Exercise:
Only the text of the entries below should appear in your exact transcription; leave out every picture.
----
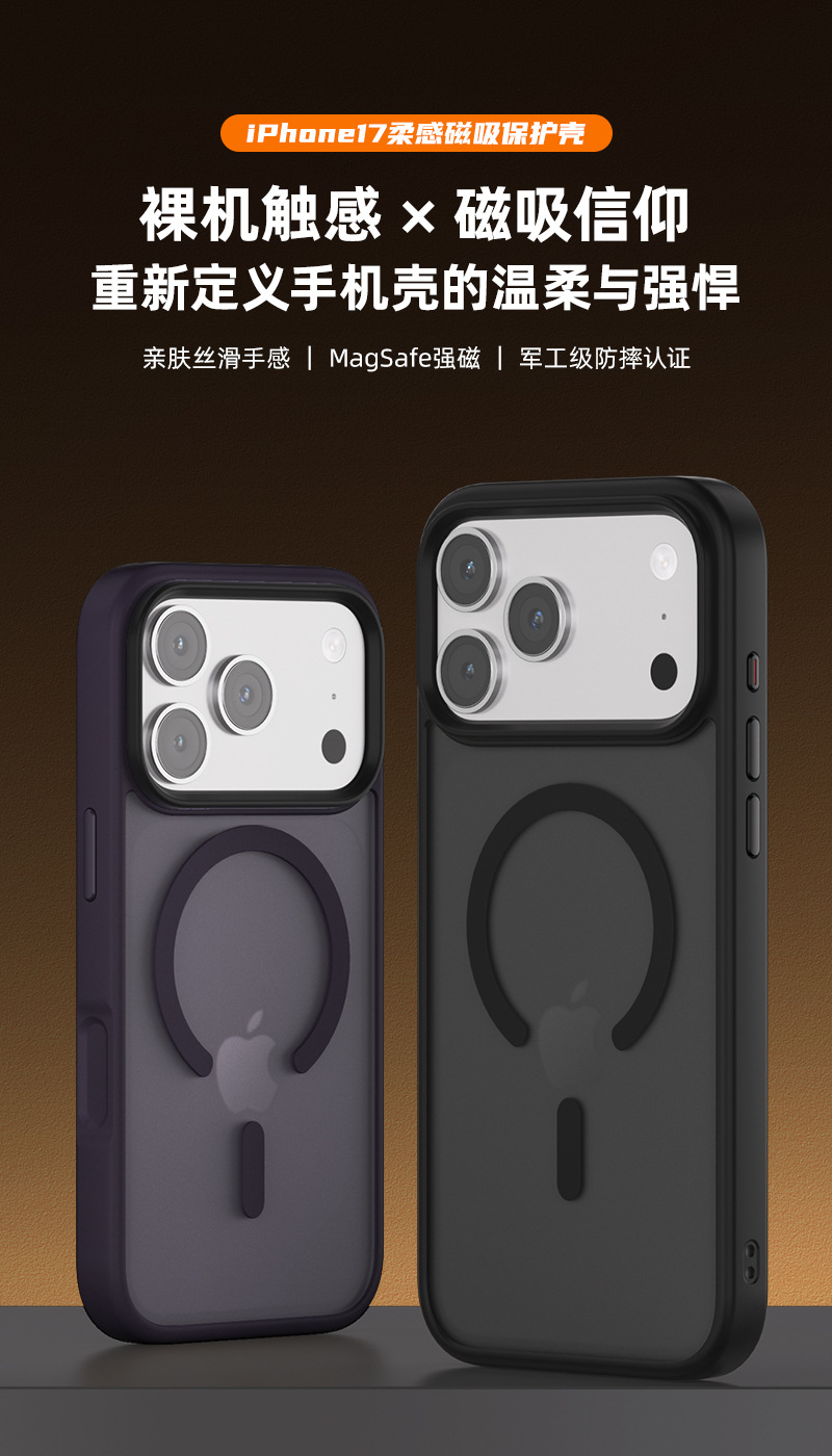 Apple 17pro에 적합한 새로운 iPhone 17 피부 느낌의 자기 흡입 휴대폰 케이스 고급 감각을 갖춘 모든 항목을 포함하는 낙하 방지 보호 커버스토어 가기
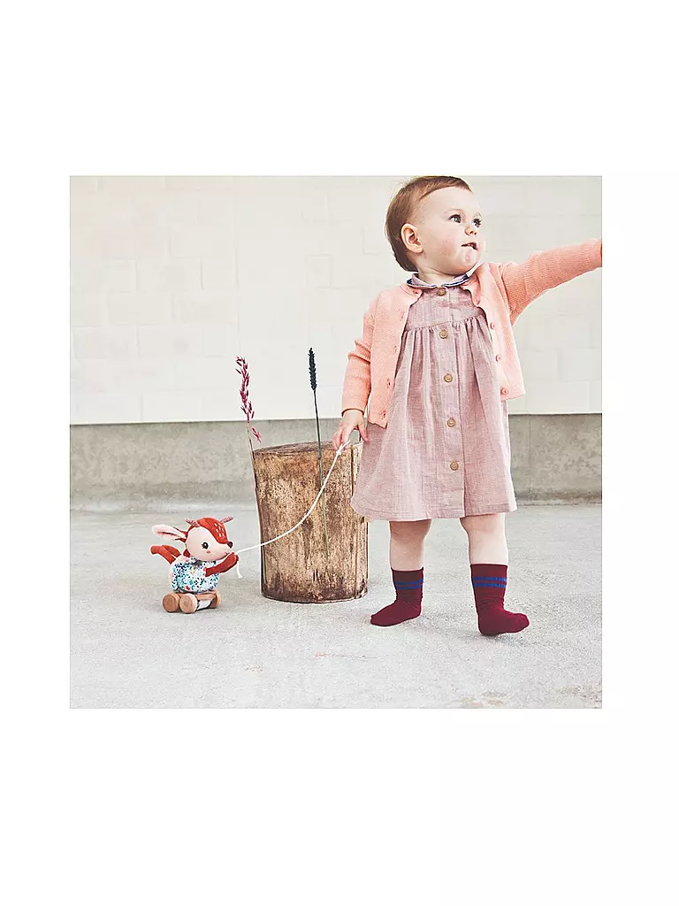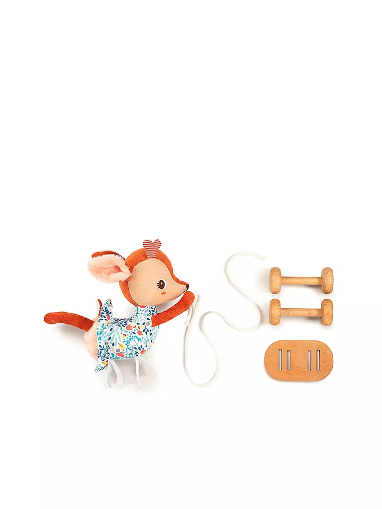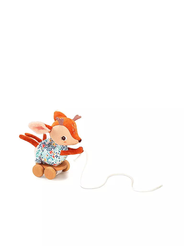 Mit Stella, der Hirschkuh, als Verbündete fühlen sich die ersten Schritte nicht mehr so beängstigend an. Stimuliert das selbstständige Gehen.
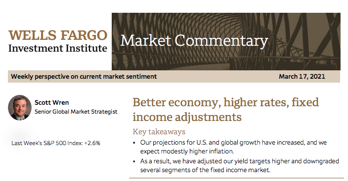 Over the last couple of weeks, we have made adjustments to guidance and targets in a number of different asset classes including equities and fixed income. We meaningfully increased our expectations for economic growth here at home and also adjusted upward projections for multiple global regions and overall world growth. That was the foundation on which the resulting adjustments to our recommendations and year-end targets were built. Our targets and earnings projections for the major domestic equity indexes rose along with our expectations on where the yield on the 10-year Treasury note might be as the calendar gets ready to roll over into 2022. We also increased our expectation on where the commodities complex, as gauged by the Bloomberg Commodity Index (BCOM), would finish out the year.
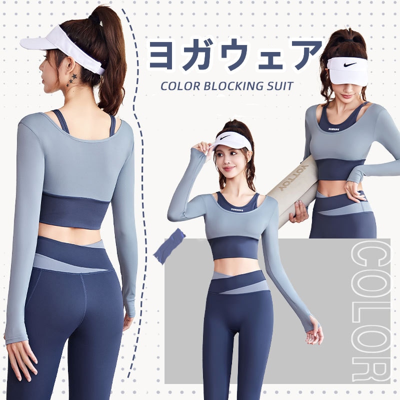 お家ヨガウェア おしゃれヨガウェア ヨガウェアセット胸パッド付きスリムフィットネススポーツ上着ランニング 速乾 長袖 フィットネス ヨガトップス
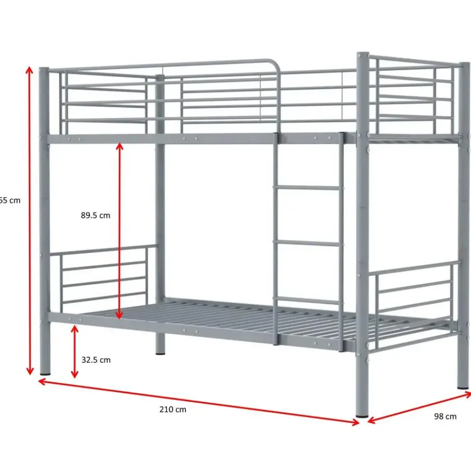 De metalen stapelbedden Dixie combineren modern design met functionaliteit en zijn de perfecte oplossing voor kamers waar ruimtebesparing essentieel is. De metalen constructie zorgt voor stevigheid en stabiliteit en geeft de bedden een coole uitstraling. De bedden hebben een ligoppervlak van 90x200cm. Het bovenste bed is te bereiken met een veilige ladder. Deze stapelbedden zijn geschikt voor zowel kinderen als volwassenen, waardoor ze perfect zijn voor gedeelde kamers of logeerkamers.
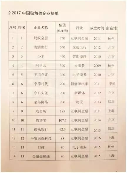 先看一组由科技部公布的2017年中国独角兽企业榜单,从榜单中估值排名前10且估值都在100亿美元以上的企业中可以发现,他们基本都是近几年顺应时代的发展,站在风口上,获得风险投资的互联网、科技、金融相关的企业,且当地政府对这些企业给予相关的政策扶持。
----
Written response:
 Apple 17pro에 적합한 새로운 iPhone 17 피부 느낌의 자기 흡입 휴대폰 케이스 고급 감각을 갖춘 모든 항목을 포함하는 낙하 방지 보호 커버스토어 가기
 Mit Stella, der Hirschkuh, als Verbündete fühlen sich die ersten Schritte nicht mehr so beängstigend an. Stimuliert das selbstständige Gehen.
 Over the last couple of weeks, we have made adjustments to guidance and targets in a number of different asset classes including equities and fixed income. We meaningfully increased our expectations for economic growth here at home and also adjusted upward projections for multiple global regions and overall world growth. That was the foundation on which the resulting adjustments to our recommendations and year-end targets were built. Our targets and earnings projections for the major domestic equity indexes rose along with our expectations on where the yield on the 10-year Treasury note might be as the calendar gets ready to roll over into 2022. We also increased our expectation on where the commodities complex, as gauged by the Bloomberg Commodity Index (BCOM), would finish out the year.
 お家ヨガウェア おしゃれヨガウェア ヨガウェアセット胸パッド付きスリムフィットネススポーツ上着ランニング 速乾 長袖 フィットネス ヨガトップス
 De metalen stapelbedden Dixie combineren modern design met functionaliteit en zijn de perfecte oplossing voor kamers waar ruimtebesparing essentieel is. De metalen constructie zorgt voor stevigheid en stabiliteit en geeft de bedden een coole uitstraling. De bedden hebben een ligoppervlak van 90x200cm. Het bovenste bed is te bereiken met een veilige ladder. Deze stapelbedden zijn geschikt voor zowel kinderen als volwassenen, waardoor ze perfect zijn voor gedeelde kamers of logeerkamers.
 先看一组由科技部公布的2017年中国独角兽企业榜单,从榜单中估值排名前10且估值都在100亿美元以上的企业中可以发现,他们基本都是近几年顺应时代的发展,站在风口上,获得风险投资的互联网、科技、金融相关的企业,且当地政府对这些企业给予相关的政策扶持。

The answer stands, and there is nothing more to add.